During model training and inference, uncertainty estimation is incorporated to provide confidence intervals or confidence scores for outputs, reflecting the stability of decisions. Human review interfaces are embedded into AI prediction and scheduling modules, particularly for high-risk tasks such as equipment speed limits or emergency response operations, thereby implementing an “AI + human” joint confirmation mechanism. In addition, all model inputs, outputs, and intermediate inference records are archived as traceable audit logs, ensuring compliance with safety regulations and supporting post-event analysis.

Through these measures, the platform not only enhances model performance but also ensures interpretability and trustworthiness in high-risk rail construction environments. It provides a reliable foundation for large-scale engineering deployment.

Experimental design and performance evaluation

Datasets collection

To support the training and evaluation of diverse intelligent models, this study constructs a comprehensive multi-source dataset covering construction processes, operational equipment, personnel behaviors, image and video data, and scheduling logs. The primary sources include project management data and construction logs provided by a municipal rail transit company, along with train signaling data, equipment operation logs, and scheduling records collected in collaboration with the Signaling Experiment Center of China Railway Rolling Stock Corporation.

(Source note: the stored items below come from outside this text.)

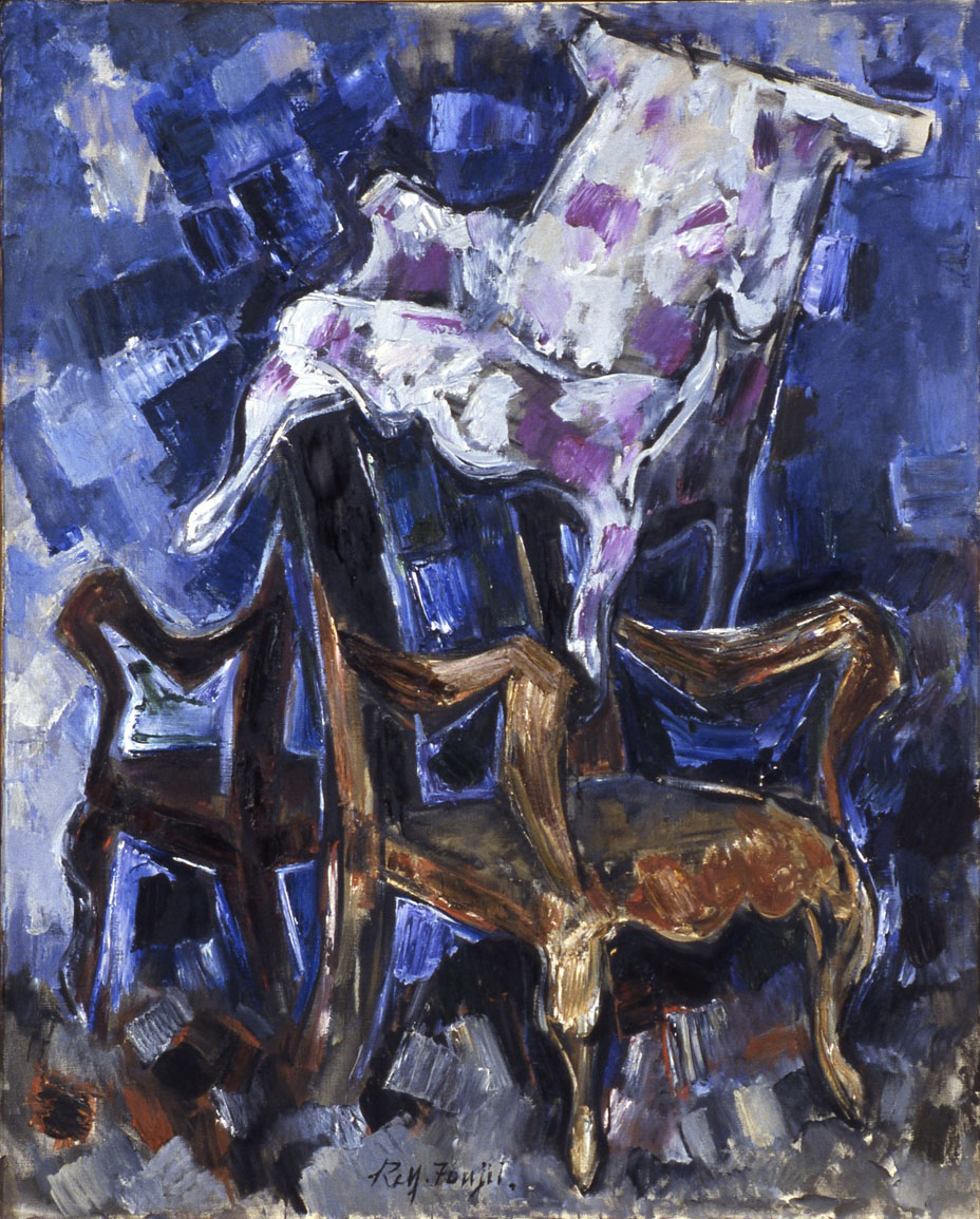 む》という作品。この人は短大美術科の先生だった方ですが、若い頃から印象深い先生でして、桜井先生にも通じるところがあるんだけど、椅子が生きもののように、踊っているような… …。すごく若い頃から気になっていた絵で、非常に芯があるんだけど、ある種の軽妙さもあるというか、決して綺麗に描こうとしていない。そして存在はあるんだけど、どこか空間と一体化していくような、そんな予感が漂っている作品で、これにはみんな注目してほしいですね。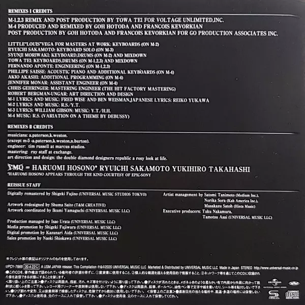 Engineer Fernando Aponte | Keyboards [Solo] Ryuichi Sakamoto | Lyrics By William Gibson | Mastered By Chris Gehringer | Remix, Drums, Keyboards Towa Tei | Written By Haruomi Hosono, Yukihiro Takahashi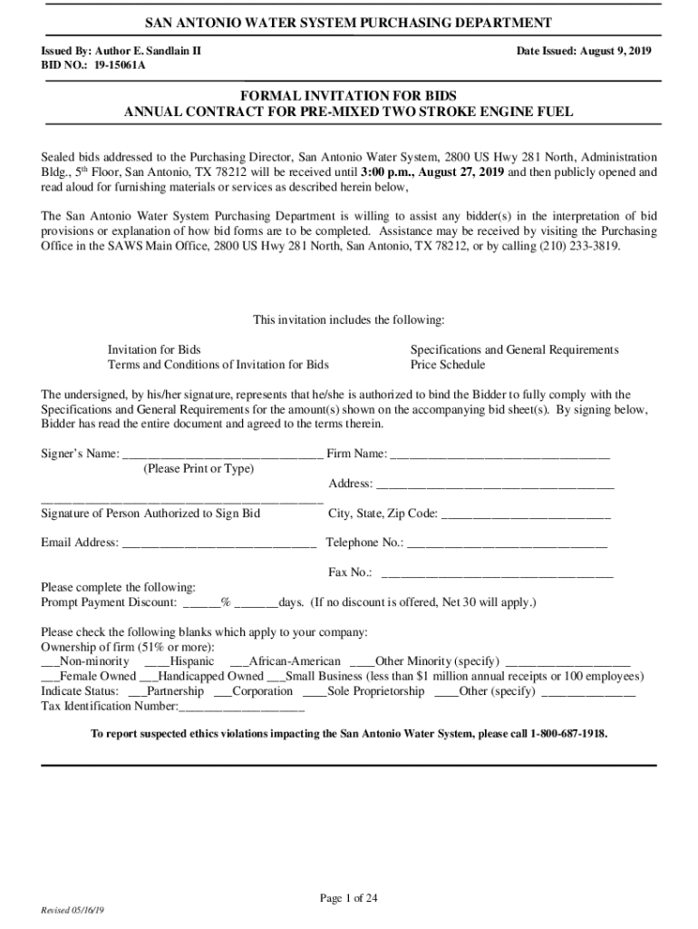 SAN ANTONIO WATER SYSTEM PURCHASING DEPARTMENT Date Issued: August 9, 2019Issued By: Author E. Sand lain II BID NO.: 1915061AFORMAL INVITATION FOR BIDS ANNUAL CONTRACT FOR PREMIXED TWO-STROKE ENGINE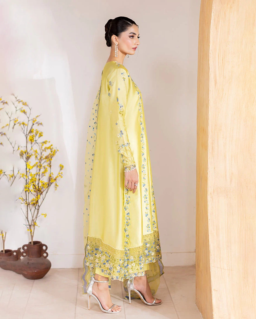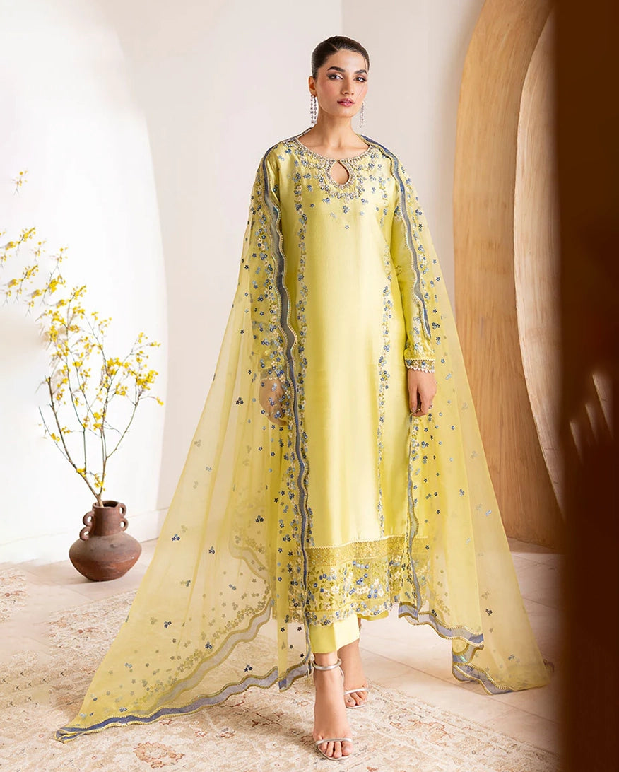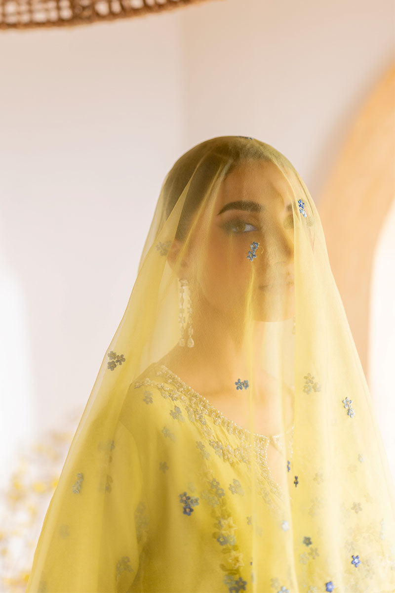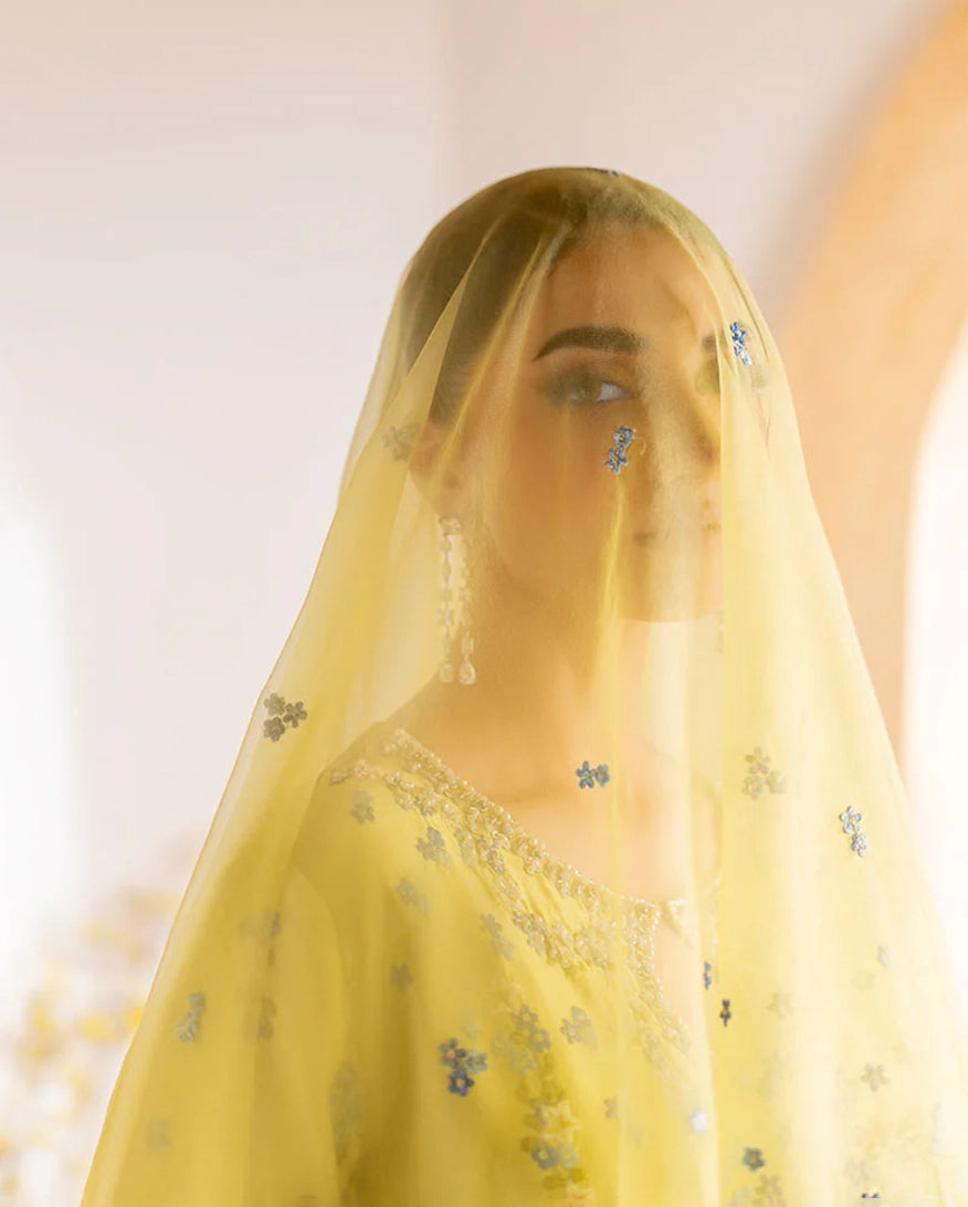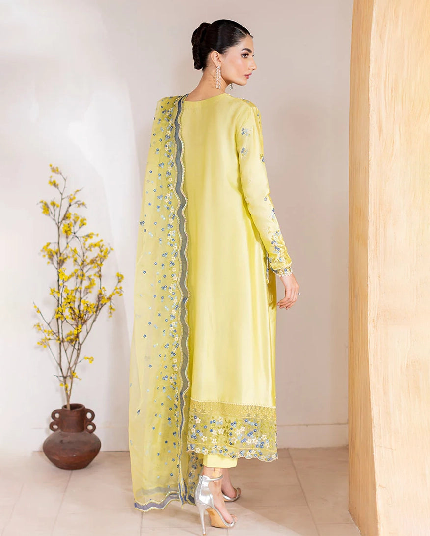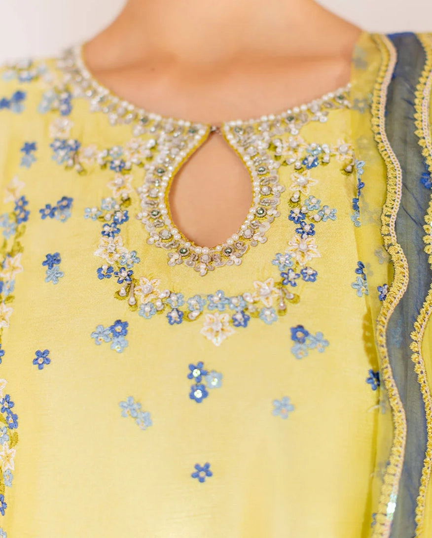 Lumière - A luminous take on festive elegance. Radiating in a fresh lime hue, Lumière features a sheesha silk shirt adorned with intricate floral embroidery and elevated by hand ample pearl and sequin embellishments on the neckline and sleeves - crafted to make an impression with subtle brilliance. Paired with a contrasting organza dupatta, detailed with a scalloped embroidered border and delicate sequin accents, and finished with straight-cut raw silk trousers for a graceful silhouette. Vibrant. Refined. Unmistakably luminous.

Additional data comes from edge video capture terminals, IoT sensing devices deployed at project sites, and user behavior logs with system response records during platform prototype operation. The complete dataset reaches 18 terabytes (TB), covering the period from January 2021 to December 2023. It spans 8 metro lines, 122 construction sections, and more than 3,000 workers, thereby providing rich spatiotemporal heterogeneity and authentic representation of engineering scenarios.

To support the modeling tasks introduced in Sect. “Research Model”, the platform performs preprocessing, annotation, and structured distribution of raw data. Three specialized sub-datasets are constructed for prediction modeling, visual recognition, and scheduling optimization. Video and image data are acquired through edge AI gateways at standardized 1080p resolution, with keyframes manually annotated through multiple expert rounds, maintaining accuracy above 98%. Structured and log data are extracted automatically from construction management platforms, equipment monitoring systems, and scheduling subsystems, with timestamp consistency checks. Sensor data are transmitted via the MQTT protocol to Kafka clusters, while Flink systems perform unified format conversion and quality inspection, discarding records with more than 15% missing values. All data undergo sensitive information desensitization and anonymization to ensure compliance and safe release for research use.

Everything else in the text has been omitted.